## ABOUT THIS EXERCISE:
Two lines in the data below mark the range: the one with "Takie ósemki były" and the one with "Под Dark Social". Return both, along with every line between them, exactly.

## DATA SHOWN:
□ □ □ □ □ □ □
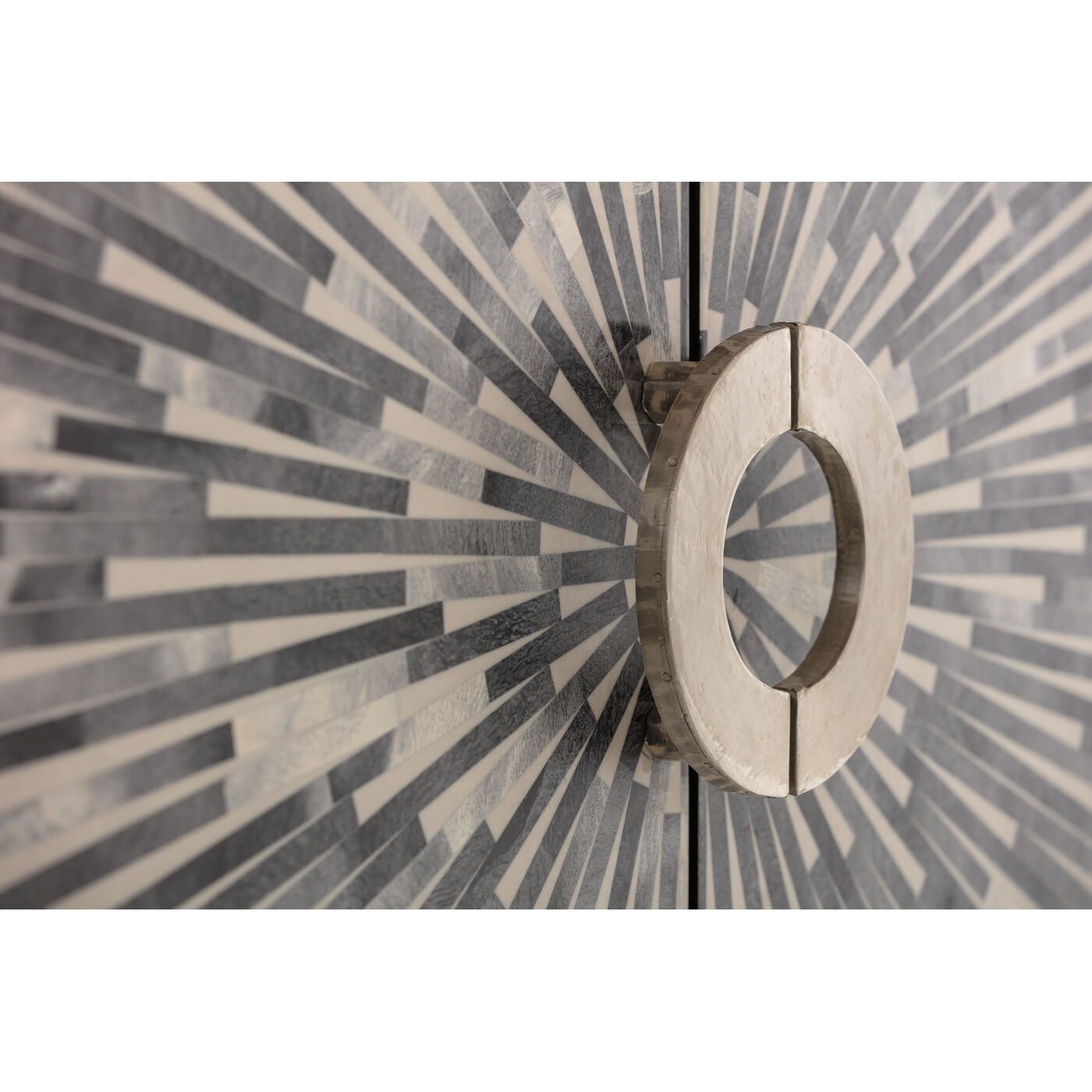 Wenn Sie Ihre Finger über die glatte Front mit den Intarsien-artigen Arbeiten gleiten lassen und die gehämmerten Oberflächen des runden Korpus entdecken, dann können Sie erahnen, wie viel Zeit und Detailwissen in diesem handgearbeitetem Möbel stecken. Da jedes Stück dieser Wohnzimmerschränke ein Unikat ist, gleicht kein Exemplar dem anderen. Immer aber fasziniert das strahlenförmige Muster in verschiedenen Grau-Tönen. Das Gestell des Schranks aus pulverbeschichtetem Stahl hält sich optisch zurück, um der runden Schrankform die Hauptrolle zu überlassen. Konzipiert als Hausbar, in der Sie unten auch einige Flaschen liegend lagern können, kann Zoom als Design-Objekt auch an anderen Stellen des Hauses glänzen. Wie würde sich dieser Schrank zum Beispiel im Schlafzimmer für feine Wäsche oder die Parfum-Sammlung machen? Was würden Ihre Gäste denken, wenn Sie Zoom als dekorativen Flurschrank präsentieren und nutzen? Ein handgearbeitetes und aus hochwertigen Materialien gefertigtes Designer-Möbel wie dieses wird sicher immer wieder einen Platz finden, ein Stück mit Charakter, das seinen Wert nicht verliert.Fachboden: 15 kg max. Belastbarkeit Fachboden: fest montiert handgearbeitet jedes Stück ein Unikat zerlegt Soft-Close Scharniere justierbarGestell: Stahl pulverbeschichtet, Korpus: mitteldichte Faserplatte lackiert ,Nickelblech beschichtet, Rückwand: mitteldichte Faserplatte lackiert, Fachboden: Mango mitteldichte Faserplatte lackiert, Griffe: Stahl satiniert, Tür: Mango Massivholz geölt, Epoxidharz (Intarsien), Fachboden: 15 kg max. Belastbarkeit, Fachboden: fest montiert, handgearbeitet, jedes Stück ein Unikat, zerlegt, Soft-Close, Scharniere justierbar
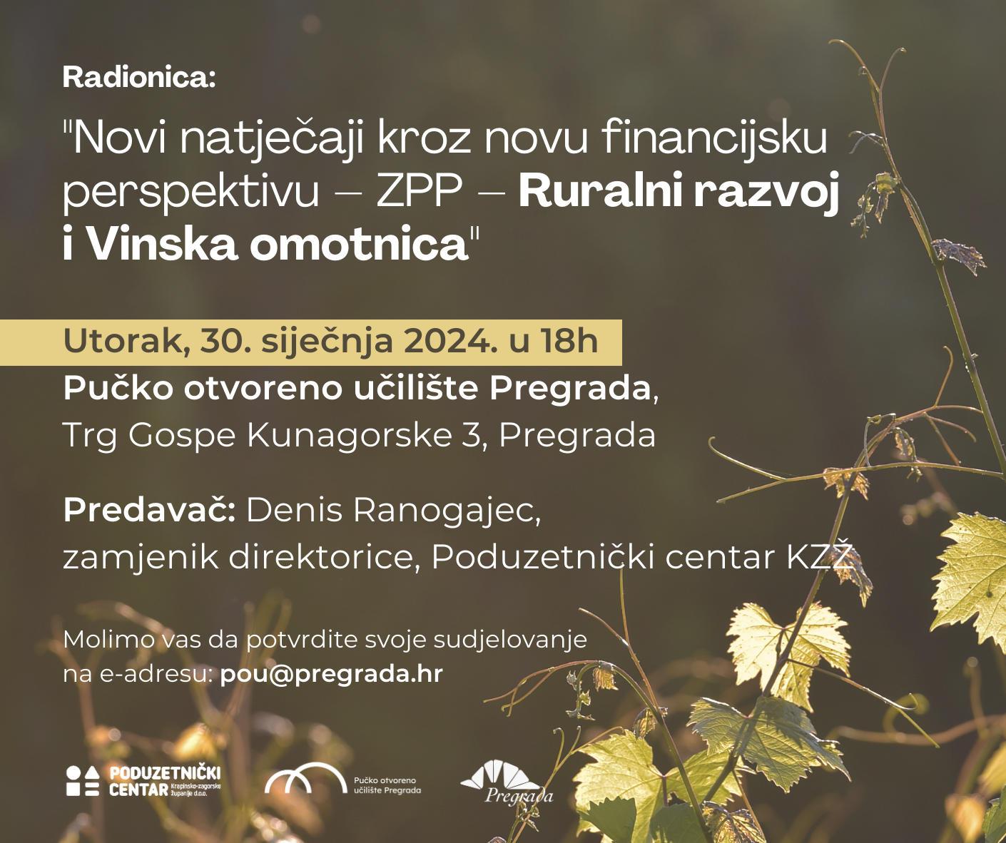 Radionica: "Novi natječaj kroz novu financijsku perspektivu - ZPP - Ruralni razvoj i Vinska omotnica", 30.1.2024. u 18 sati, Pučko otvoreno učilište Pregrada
□ □ □ □ □ □ □
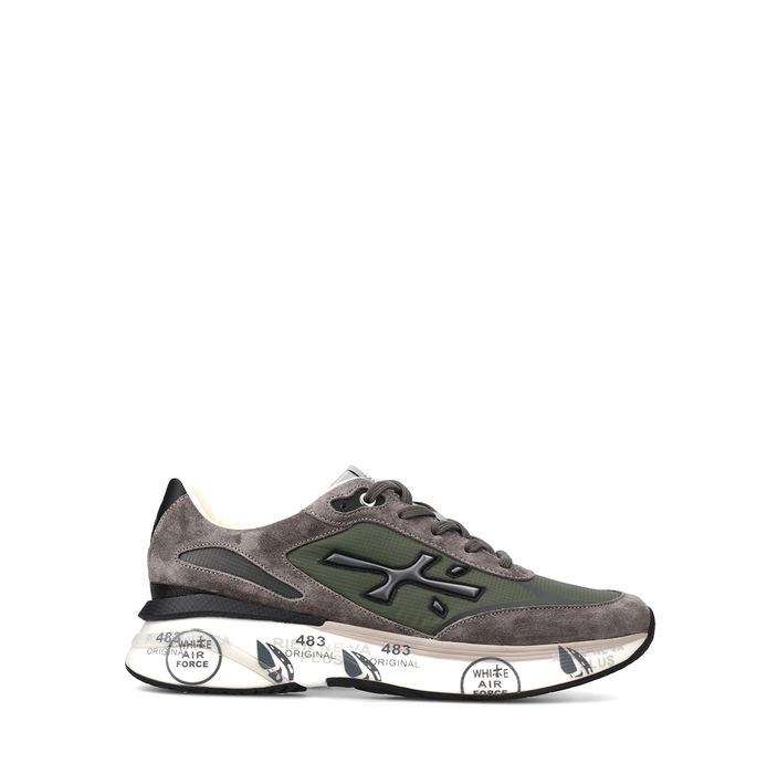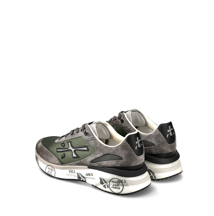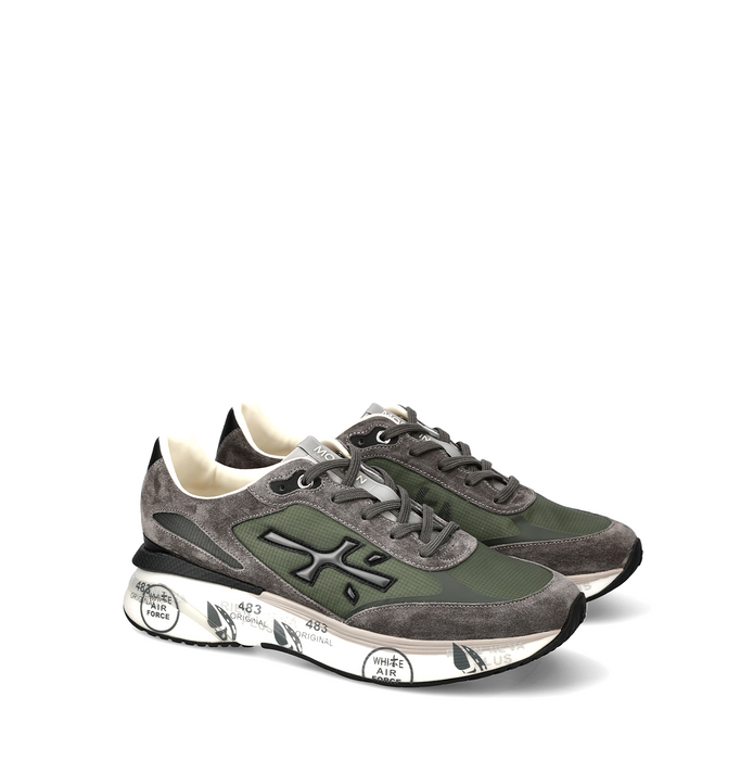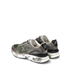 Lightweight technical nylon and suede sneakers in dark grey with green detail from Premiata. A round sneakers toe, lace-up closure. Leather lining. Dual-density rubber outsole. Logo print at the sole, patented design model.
□ □ □ □ □ □ □
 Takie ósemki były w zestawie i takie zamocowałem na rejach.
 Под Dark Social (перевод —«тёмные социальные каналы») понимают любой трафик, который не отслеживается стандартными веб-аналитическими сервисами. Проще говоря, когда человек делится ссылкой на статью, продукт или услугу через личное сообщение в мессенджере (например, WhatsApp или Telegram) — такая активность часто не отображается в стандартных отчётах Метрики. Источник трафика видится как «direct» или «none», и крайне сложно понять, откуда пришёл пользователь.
□ □ □ □ □ □ □
## OUTPUT BELOW:
 Takie ósemki były w zestawie i takie zamocowałem na rejach.
 Под Dark Social (перевод —«тёмные социальные каналы») понимают любой трафик, который не отслеживается стандартными веб-аналитическими сервисами. Проще говоря, когда человек делится ссылкой на статью, продукт или услугу через личное сообщение в мессенджере (например, WhatsApp или Telegram) — такая активность часто не отображается в стандартных отчётах Метрики. Источник трафика видится как «direct» или «none», и крайне сложно понять, откуда пришёл пользователь.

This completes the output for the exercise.